Further compression

Endgame analysis using tablebases, EGTB generation, exchange, sharing, discussions, etc..
Post Reply
EricLang
Posts: 33
Joined: Wed Sep 03, 2008 5:31 am

Further compression

Post by EricLang »

Ok, thanks to your great answers in my other posts I got my tablebases working!

A short description:
-Positions with wtm and btm are stored in one file.
-duplicate squares are stored (in case of non-same pieces), but i think this is not very much
-use of unique triangle
-use of precomputed legal kingcombinations
-use of "same-piece" algorithm (p1 > p2 > p3 > p4)
-bitpacking
-datacompression in blocks of about 8192 bytes (depending on the need bits per positions)
-at the end of the file is the index for the positions of all compressed blocks, just an array of integers (which is datacompressed too)

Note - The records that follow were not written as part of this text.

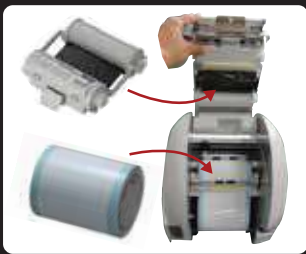
Set ribbon and tape
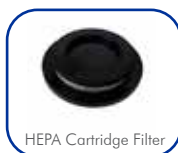
HEPA Cartridge Filter
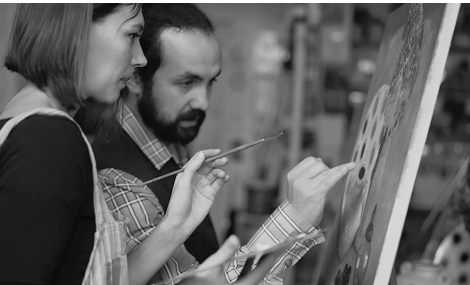
An image shows a woman holding a paintbrush and paint palette in front of a painting. A man is standing next to her and pointing at part of the painting.
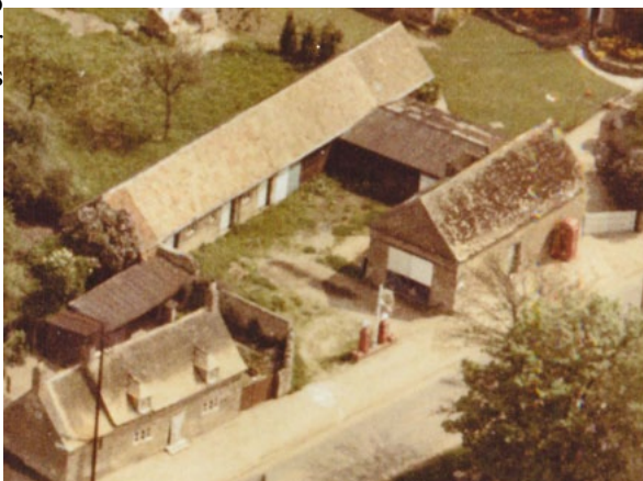
The Old Garage and Petrol Station
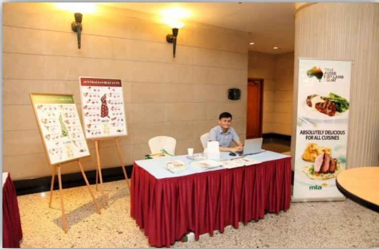
Meat & Livestock Australian

Now for example my KQRK file is 760 KB (The two files of Nalimov are about 500 KB)
It has
- 4.620.288 positions
- 284.256 duplicates
- 720.435 invalid positions

I do not want to make the files as small as possible (being a Size Champion), but I if more compression is possible in an easy way I would like to do that.

Is there a smart way to eliminate a large part of invalid positions?
More ideas?

Thanks, Eric
koistinen
Posts: 92
Joined: Fri May 02, 2008 7:59 pm
Sign-up code: 0
Location: Stockholm

Re: Further compression

Post by koistinen »

One way to avoid storing illegal positions is by storing positions in blocks and then filtering out illegal positions before compression.
When decompressing a block, use the same filtering function to put them back.

Would you publish your code for others to use? (under some free software licence)
EricLang
Posts: 33
Joined: Wed Sep 03, 2008 5:31 am

Re: Further compression

Post by EricLang »

That seems like a good idea. I will have a try at that.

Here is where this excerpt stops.